Zum Thema selbst hier noch der sachliche Hintergrund: http://www.zeit.de/news/2017-07/19/leben...d-19143602

Vordergründig ist es ein einfaches Thema, im Detail wird die Sache dann aber doch recht kompliziert. Denn so lächerlich es erscheint, jemandem seine gewohnten Pommes zu verbieten, so schwerwiegend sind die gesellschaftlichen Folgen durch Krebs, die zudem jedes Jahr weiter ansteigen, und so schwierig ist es eine seriöse Aufklärung für die Bevölkerung zu erzielen. Wenn ich lese, dass es in vielen Bereichen der Lebensmittelherstellung Alternativen gäbe, die aus Gründen des Aufwands aber bisher keine Berücksichtigung finden, dann ist eine gesetzliche Regelung durchaus zu begrüßen. Zumal diese im Vergleich zu den Forderungen aus dem Bereich der Verbraucherschützer noch deutlich abgemildert wurde und etwa keine definierten Höchstwerte mehr beinhaltet. Und im Privatbereich kommt das ganze eh nur indirekt zur Anwendung. Insofern letztlich viel Aufregung um wenig Negatives.

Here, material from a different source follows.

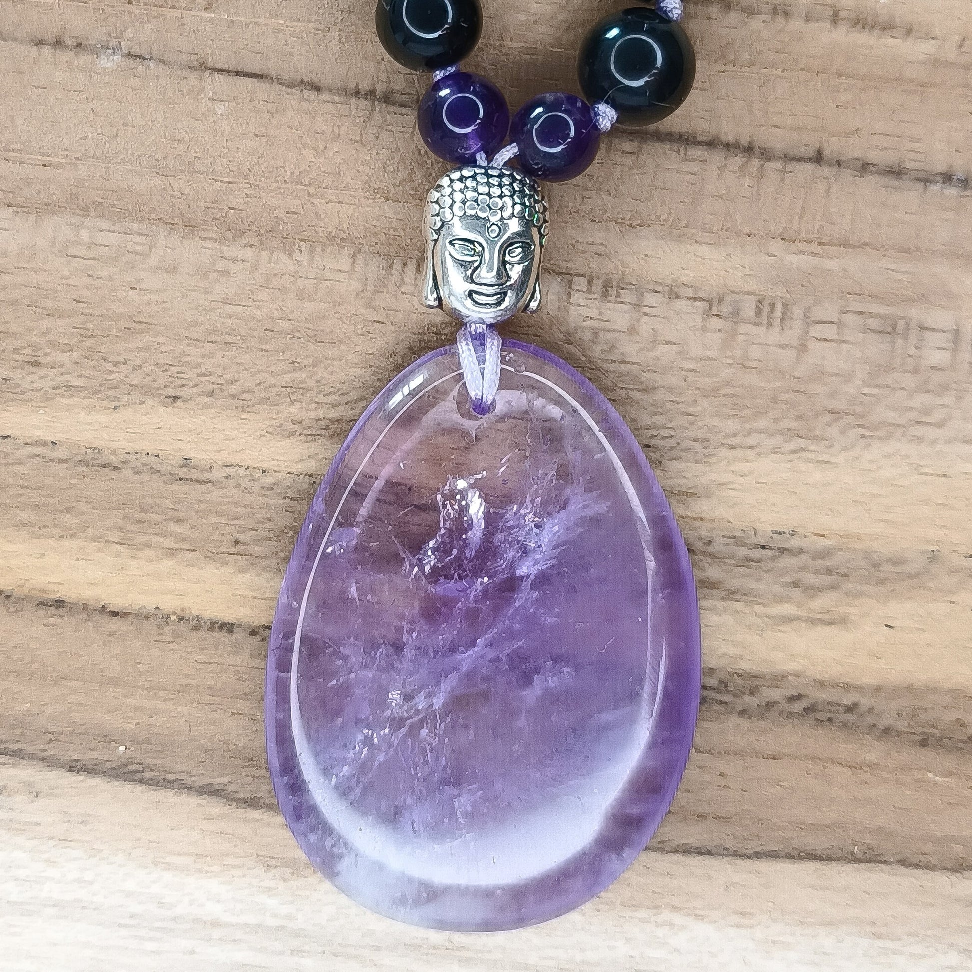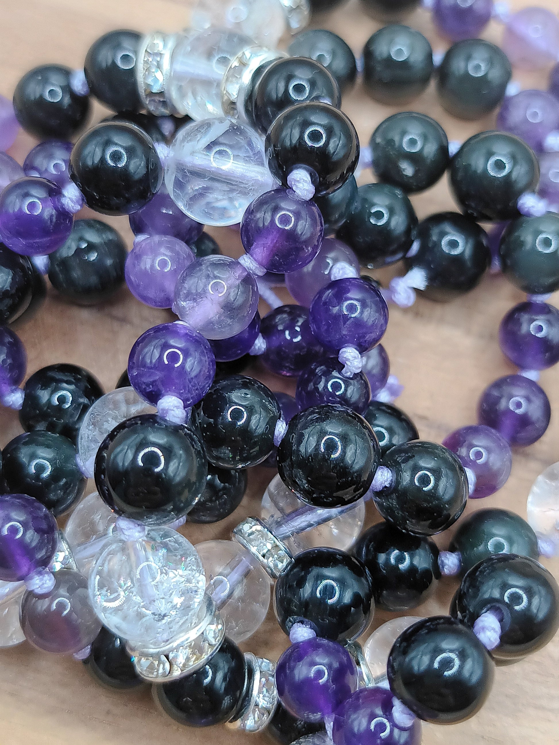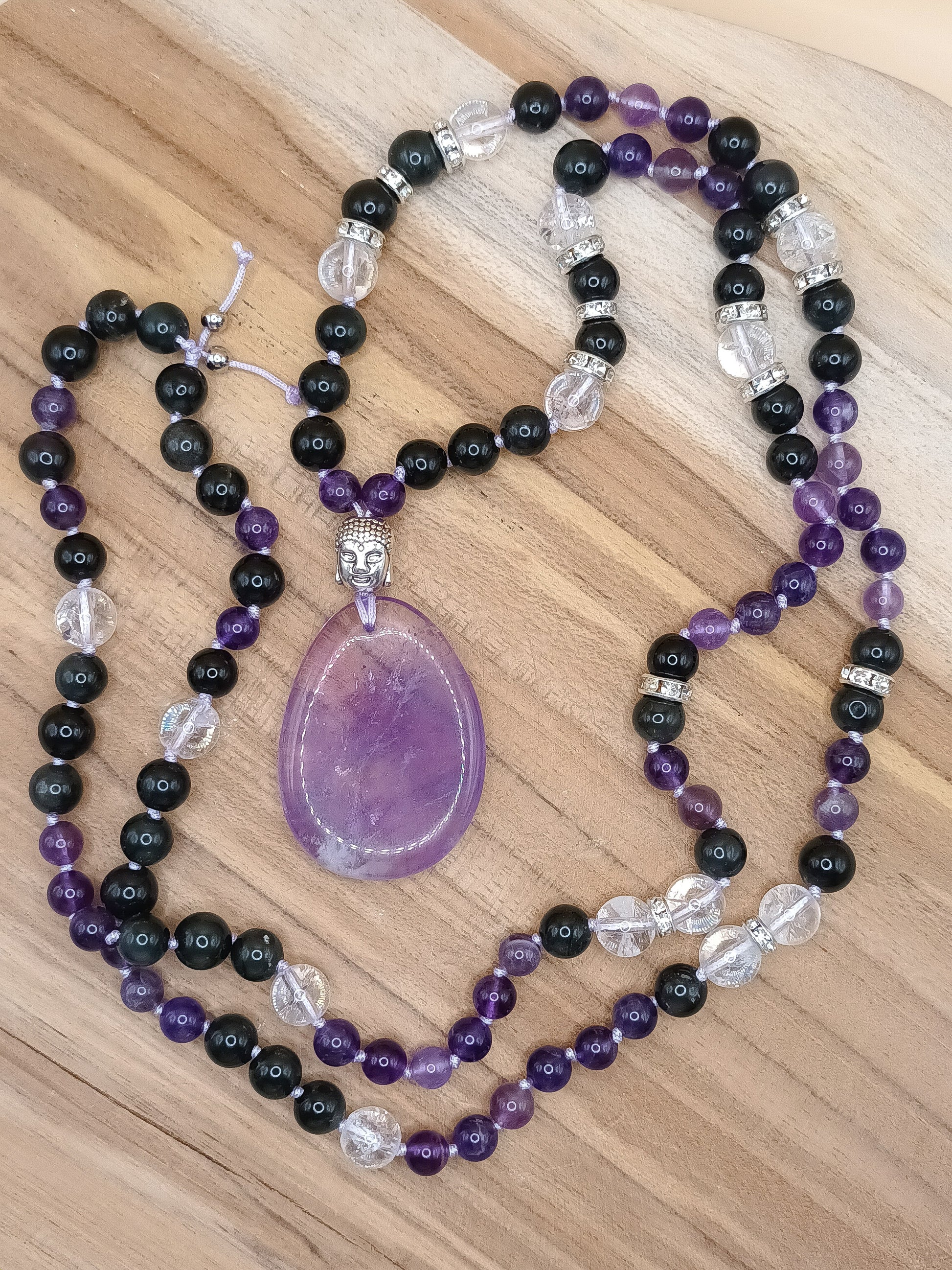 Le mala Astrée est composé de 108 perles en améthyste, obsidienne œil céleste et cristal de roche, agrémenté d’un pendentif en améthyste. Monté sur un fil nylon solide et terminé par deux petites perles en acier inoxydable, il incarne l’harmonie entre protection, clarté et élévation spirituelle.

Aus den selben Gründen könnte und müsste dann erst Recht Tabak und Alkohol verboten werden und sicher noch vieles mehr. Nur was nützt es wenn man 100 Jahre alt wird und davon 25 Jahre im Altersheim verbringen muss. Da sterbe ich persönlich doch lieber eher und habe mein Leben genossen. So etwas nennt sich persönliche Freiheit. Und die steigenden Krebsraten haben sicher hauptsächlich ganz andere Ursachen. Da sollten die Bemühungen der EU lieber mal auf die medizinische Forschung gerichtet werden und zwar durch eine unabhängige Institution, die den Studien der Pharmaunternehmen mal auf den Zahn fühlt. Und zum Thema gesunde Lebensmittel. Die Problematik liegt doch eher darin, dass kaum noch jemand Zeit hat eine eigene Eßkultur zu pflegen. Aber das wäre wieder ein anderes Thema.

Ich habe grundsätzlich nichts gegen ein EU-weites Tabak- und Alkoholverbot, dadurch würden sich doch einige Probleme lösen lassen. Allerdings spielt das hier keine Rolle, weil es weder um Alkohol oder Tabak geht, noch irgendein Lebensmittel verboten werden soll. Vielmehr wird nur deren Zubereitung im gewerblichen Bereich eingeschränkt. Zu Hause darfst du für dich machen was du willst, und wenn du unbedingt schwarze Pommes essen möchtest, dann kannst du auch das problemlos tun. Wo also ist das Problem? Das es diese nicht mehr schnell um die Ecke an der Bude gibt ist keine Einschränkung persönlicher Freiheit, sondern nur eine Reduzierung von Luxus.

Davon abgesehen ist "persönliche Freiheit" bei Dingen, die aufgrund der gesellschaftlichen Haftung auch andere betreffen, immer etwas schwierig.